BEGIN RECORDS FOR THE EXERCISE

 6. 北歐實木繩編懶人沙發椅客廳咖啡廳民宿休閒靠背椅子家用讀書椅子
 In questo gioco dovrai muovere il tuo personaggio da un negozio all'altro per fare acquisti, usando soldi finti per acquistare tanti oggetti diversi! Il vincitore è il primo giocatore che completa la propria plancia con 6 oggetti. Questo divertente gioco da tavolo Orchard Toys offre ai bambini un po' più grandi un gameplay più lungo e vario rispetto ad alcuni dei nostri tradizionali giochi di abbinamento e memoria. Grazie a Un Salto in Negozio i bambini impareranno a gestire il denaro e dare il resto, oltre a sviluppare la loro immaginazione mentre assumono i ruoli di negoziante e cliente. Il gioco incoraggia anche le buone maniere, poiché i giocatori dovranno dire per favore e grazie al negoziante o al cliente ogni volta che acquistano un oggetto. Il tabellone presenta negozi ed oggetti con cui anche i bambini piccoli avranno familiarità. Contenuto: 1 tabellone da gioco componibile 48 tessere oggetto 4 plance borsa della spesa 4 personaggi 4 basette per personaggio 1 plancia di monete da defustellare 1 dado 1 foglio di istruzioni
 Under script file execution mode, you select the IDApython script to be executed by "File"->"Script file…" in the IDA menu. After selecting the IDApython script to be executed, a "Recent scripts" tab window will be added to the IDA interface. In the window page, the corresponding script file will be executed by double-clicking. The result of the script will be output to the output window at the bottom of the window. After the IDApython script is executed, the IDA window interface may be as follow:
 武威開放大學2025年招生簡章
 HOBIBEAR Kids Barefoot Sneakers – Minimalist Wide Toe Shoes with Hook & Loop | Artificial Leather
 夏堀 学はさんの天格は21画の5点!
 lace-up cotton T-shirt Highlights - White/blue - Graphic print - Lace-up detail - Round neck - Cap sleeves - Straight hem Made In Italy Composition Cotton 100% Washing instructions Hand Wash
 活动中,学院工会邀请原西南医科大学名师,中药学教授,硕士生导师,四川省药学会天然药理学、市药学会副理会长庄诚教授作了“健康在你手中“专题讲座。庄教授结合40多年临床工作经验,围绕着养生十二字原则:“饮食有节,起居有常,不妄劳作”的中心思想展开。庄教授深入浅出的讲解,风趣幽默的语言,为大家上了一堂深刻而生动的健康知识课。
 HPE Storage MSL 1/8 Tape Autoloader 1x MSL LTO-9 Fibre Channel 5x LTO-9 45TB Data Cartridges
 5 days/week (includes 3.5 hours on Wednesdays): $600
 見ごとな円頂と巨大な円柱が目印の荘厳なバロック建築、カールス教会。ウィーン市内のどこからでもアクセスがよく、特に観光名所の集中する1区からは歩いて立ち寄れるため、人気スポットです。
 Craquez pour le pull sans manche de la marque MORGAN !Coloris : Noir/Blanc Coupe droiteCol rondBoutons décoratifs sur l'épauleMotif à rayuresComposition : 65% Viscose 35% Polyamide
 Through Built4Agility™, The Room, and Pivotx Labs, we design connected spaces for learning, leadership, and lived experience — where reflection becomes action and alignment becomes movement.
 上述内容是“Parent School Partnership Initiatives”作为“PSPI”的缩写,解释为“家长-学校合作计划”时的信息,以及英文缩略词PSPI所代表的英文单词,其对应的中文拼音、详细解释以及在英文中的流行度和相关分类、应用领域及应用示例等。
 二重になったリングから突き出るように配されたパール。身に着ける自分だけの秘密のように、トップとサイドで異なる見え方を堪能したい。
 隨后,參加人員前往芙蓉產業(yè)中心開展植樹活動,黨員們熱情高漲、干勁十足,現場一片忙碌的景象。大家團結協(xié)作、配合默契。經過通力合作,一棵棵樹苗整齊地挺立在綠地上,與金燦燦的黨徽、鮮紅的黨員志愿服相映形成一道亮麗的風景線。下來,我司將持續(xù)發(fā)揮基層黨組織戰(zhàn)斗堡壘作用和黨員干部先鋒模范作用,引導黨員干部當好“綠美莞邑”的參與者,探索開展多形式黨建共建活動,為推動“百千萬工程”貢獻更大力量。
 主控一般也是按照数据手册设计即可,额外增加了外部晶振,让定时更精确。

END RECORDS FOR THE EXERCISE

§ **TASK PROMPT**:
The records given above are to be repeated in full, exactly.

§ **RESPONSE BELOW**:
 6. 北歐實木繩編懶人沙發椅客廳咖啡廳民宿休閒靠背椅子家用讀書椅子
 In questo gioco dovrai muovere il tuo personaggio da un negozio all'altro per fare acquisti, usando soldi finti per acquistare tanti oggetti diversi! Il vincitore è il primo giocatore che completa la propria plancia con 6 oggetti. Questo divertente gioco da tavolo Orchard Toys offre ai bambini un po' più grandi un gameplay più lungo e vario rispetto ad alcuni dei nostri tradizionali giochi di abbinamento e memoria. Grazie a Un Salto in Negozio i bambini impareranno a gestire il denaro e dare il resto, oltre a sviluppare la loro immaginazione mentre assumono i ruoli di negoziante e cliente. Il gioco incoraggia anche le buone maniere, poiché i giocatori dovranno dire per favore e grazie al negoziante o al cliente ogni volta che acquistano un oggetto. Il tabellone presenta negozi ed oggetti con cui anche i bambini piccoli avranno familiarità. Contenuto: 1 tabellone da gioco componibile 48 tessere oggetto 4 plance borsa della spesa 4 personaggi 4 basette per personaggio 1 plancia di monete da defustellare 1 dado 1 foglio di istruzioni
 Under script file execution mode, you select the IDApython script to be executed by "File"->"Script file…" in the IDA menu. After selecting the IDApython script to be executed, a "Recent scripts" tab window will be added to the IDA interface. In the window page, the corresponding script file will be executed by double-clicking. The result of the script will be output to the output window at the bottom of the window. After the IDApython script is executed, the IDA window interface may be as follow:
 武威開放大學2025年招生簡章
 HOBIBEAR Kids Barefoot Sneakers – Minimalist Wide Toe Shoes with Hook & Loop | Artificial Leather
 夏堀 学はさんの天格は21画の5点!
 lace-up cotton T-shirt Highlights - White/blue - Graphic print - Lace-up detail - Round neck - Cap sleeves - Straight hem Made In Italy Composition Cotton 100% Washing instructions Hand Wash
 活动中,学院工会邀请原西南医科大学名师,中药学教授,硕士生导师,四川省药学会天然药理学、市药学会副理会长庄诚教授作了“健康在你手中“专题讲座。庄教授结合40多年临床工作经验,围绕着养生十二字原则:“饮食有节,起居有常,不妄劳作”的中心思想展开。庄教授深入浅出的讲解,风趣幽默的语言,为大家上了一堂深刻而生动的健康知识课。
 HPE Storage MSL 1/8 Tape Autoloader 1x MSL LTO-9 Fibre Channel 5x LTO-9 45TB Data Cartridges
 5 days/week (includes 3.5 hours on Wednesdays): $600
 見ごとな円頂と巨大な円柱が目印の荘厳なバロック建築、カールス教会。ウィーン市内のどこからでもアクセスがよく、特に観光名所の集中する1区からは歩いて立ち寄れるため、人気スポットです。
 Craquez pour le pull sans manche de la marque MORGAN !Coloris : Noir/Blanc Coupe droiteCol rondBoutons décoratifs sur l'épauleMotif à rayuresComposition : 65% Viscose 35% Polyamide
 Through Built4Agility™, The Room, and Pivotx Labs, we design connected spaces for learning, leadership, and lived experience — where reflection becomes action and alignment becomes movement.
 上述内容是“Parent School Partnership Initiatives”作为“PSPI”的缩写,解释为“家长-学校合作计划”时的信息,以及英文缩略词PSPI所代表的英文单词,其对应的中文拼音、详细解释以及在英文中的流行度和相关分类、应用领域及应用示例等。
 二重になったリングから突き出るように配されたパール。身に着ける自分だけの秘密のように、トップとサイドで異なる見え方を堪能したい。
 隨后,參加人員前往芙蓉產業(yè)中心開展植樹活動,黨員們熱情高漲、干勁十足,現場一片忙碌的景象。大家團結協(xié)作、配合默契。經過通力合作,一棵棵樹苗整齊地挺立在綠地上,與金燦燦的黨徽、鮮紅的黨員志愿服相映形成一道亮麗的風景線。下來,我司將持續(xù)發(fā)揮基層黨組織戰(zhàn)斗堡壘作用和黨員干部先鋒模范作用,引導黨員干部當好“綠美莞邑”的參與者,探索開展多形式黨建共建活動,為推動“百千萬工程”貢獻更大力量。
 主控一般也是按照数据手册设计即可,额外增加了外部晶振,让定时更精确。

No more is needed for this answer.